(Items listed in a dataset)

......

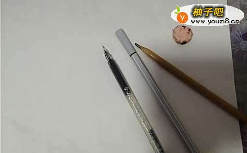 首先准备好一张纸,一支铅笔,一块橡皮,一只黑笔,一只水彩笔等备用。
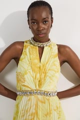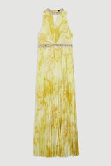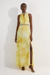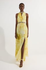 Abstract Floral Crystal Embellished Woven Split Maxi Dress
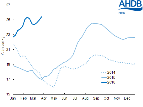 The high price level is evidenced by wholesale pork prices, which tend to track pig prices closely. Over the last couple of months, these have fluctuated around 25 yuan/kg (£2.70/kg) and, if anything, have been increasing further in the latest weeks.
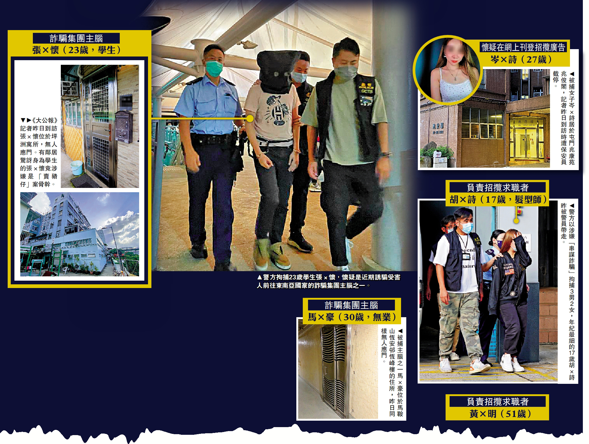 警方有組織罪案及三合會調查科(O記)經調查後,一連三日(19至21日)以涉嫌「串謀詐騙」罪拘捕3男2女,年齡介乎於17至51歲,相信為同一集團。其中兩名男子張×懷(23歲、報稱學生)和馬×豪(30歲、報稱無業)為集團骨幹成員,據了解,張某為一名大專學生,正修讀照顧病人的護理相關專業。警方指兩名主腦負責聯絡及操控另外兩名被捕男女黃×明(51歲)及報稱髮型師的胡×詩(17歲)以招攬受害人,餘下一名被捕女子岑×詩(27歲)則懷疑在網上刊登往東南亞工作的招攬廣告。所有被捕人仍被扣留調查當中,不排除稍後將落案起訴個別被捕人。
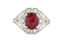 14K WHITE GOLD, RUBY AND DIAMOND, ANTIQUE...

......

* _YOUR OBJECTIVE_:
With the pictures removed, print the entries above exactly.

* _RESPONSE TO THE EXERCISE_:
 首先准备好一张纸,一支铅笔,一块橡皮,一只黑笔,一只水彩笔等备用。
 Abstract Floral Crystal Embellished Woven Split Maxi Dress
 The high price level is evidenced by wholesale pork prices, which tend to track pig prices closely. Over the last couple of months, these have fluctuated around 25 yuan/kg (£2.70/kg) and, if anything, have been increasing further in the latest weeks.
 警方有組織罪案及三合會調查科(O記)經調查後,一連三日(19至21日)以涉嫌「串謀詐騙」罪拘捕3男2女,年齡介乎於17至51歲,相信為同一集團。其中兩名男子張×懷(23歲、報稱學生)和馬×豪(30歲、報稱無業)為集團骨幹成員,據了解,張某為一名大專學生,正修讀照顧病人的護理相關專業。警方指兩名主腦負責聯絡及操控另外兩名被捕男女黃×明(51歲)及報稱髮型師的胡×詩(17歲)以招攬受害人,餘下一名被捕女子岑×詩(27歲)則懷疑在網上刊登往東南亞工作的招攬廣告。所有被捕人仍被扣留調查當中,不排除稍後將落案起訴個別被捕人。
 14K WHITE GOLD, RUBY AND DIAMOND, ANTIQUE...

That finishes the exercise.